Ses propos trouvent écho auprès de Mélodie Daoust qui affirme que sa sortie du placard lui a enlevé un poids sur les épaules.

 « Je ne l'ai pas dit pendant longtemps. Tu parles presque comme si tu étais une autre personne. Pour moi, c'était quelque chose d'important de finalement pouvoir être qui je suis et vivre avec ça chaque jour. Je vis une très belle vie depuis ce temps-là. »

« Ce serait aussi un exemple, un modèle pour d'autres personnes qui suivraient et il y en aurait plus qu'un à la suite du premier. D'un autre côté, si on n'en a pas encore vu dans un vestiaire de la LNH, c'est qu'il y a encore du progrès à faire », consent Harvey-Pinard.

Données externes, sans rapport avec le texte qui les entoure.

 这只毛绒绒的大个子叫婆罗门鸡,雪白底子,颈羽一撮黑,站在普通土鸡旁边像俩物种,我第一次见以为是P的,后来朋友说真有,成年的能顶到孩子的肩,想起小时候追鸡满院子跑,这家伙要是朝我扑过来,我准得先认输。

La clé : continuer d'en parler

Justement, qu'est-ce qui peut être fait pour que la diversité sexuelle ne soit plus un enjeu dans la LNH? La solution passe par une prise de position claire de la part des décideurs, selon Guylaine Demers.

« On se dit, oui les athlètes ont une responsabilité. En même temps, c'est donc bien plate que tu sentes que "mon sport a besoin de moi pour avancer ". C'est pour ça que ça doit partir du haut de la pyramide. »

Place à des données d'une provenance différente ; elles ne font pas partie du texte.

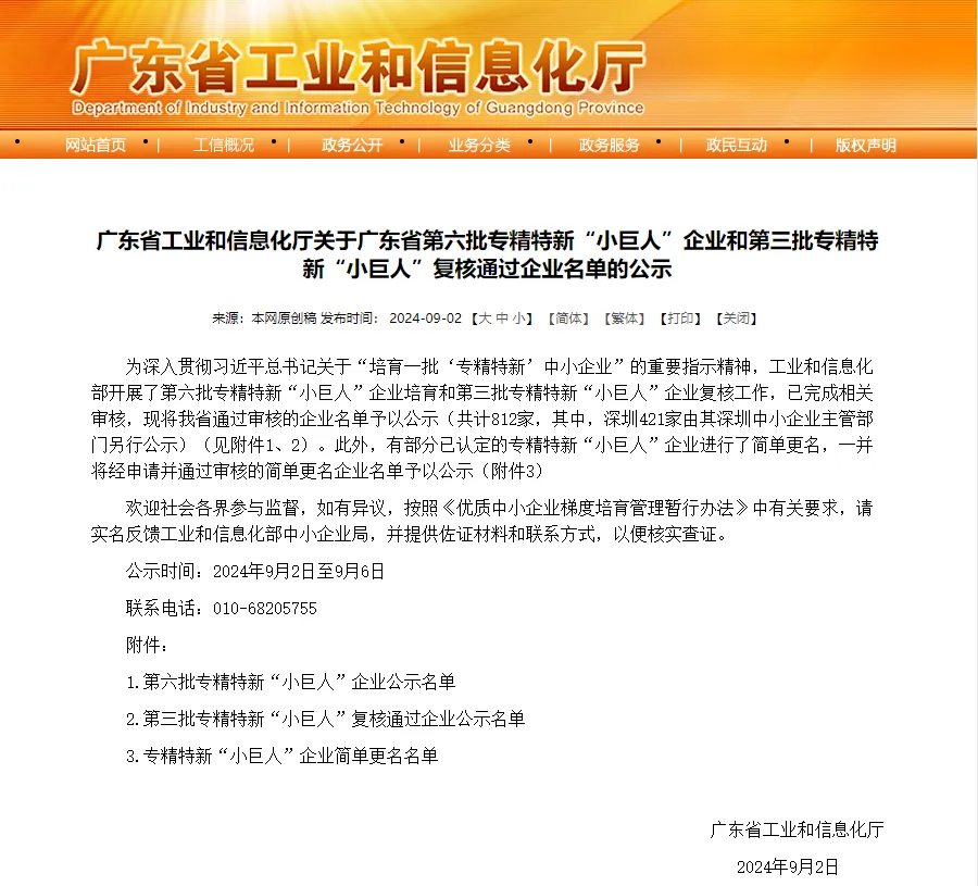 近日,根據廣東省工業和信息化廳發布的第三批專精特新“小巨人”復核通過企業名單,經過嚴格評審和復核程序,GBPI廣州標際順利通過第三批專精特新“小巨人”企業復核,進一步證明了廣州標際在行業內的領先地位和卓越實力!

Malgré les récentes décisions controversées, Brian Burke estime que la LNH demeure une alliée solide envers le mouvement. Il préfère se concentrer sur le chemin parcouru, mais admet sans détour qu'il reste du travail à faire.

« Certains joueurs sont encore inconfortables. Il faut comprendre qu'on doit défaire des préjugés qui datent de centaines d'années. Ce ne sont pas des portes que l'on peut défoncer, mais plutôt des murs de boue qui vont se dissoudre avec le temps. On ne peut pas tout arranger en une nuit. »

Plusieurs acteurs du hockey professionnel ont d'ailleurs refusé de participer à ce reportage. Simon Gagné a bien failli en faire partie.

« C'est un sujet qui est tabou, mais tranquillement pas vite on s'en va dans la bonne direction. Ça m'a pris quelques jours avant d'accepter ton invitation, mais je suis content de l'avoir fait. Si ça peut aider un peu à avancer dans la bonne direction, c'est pour ça que j'ai décidé d'accepter. »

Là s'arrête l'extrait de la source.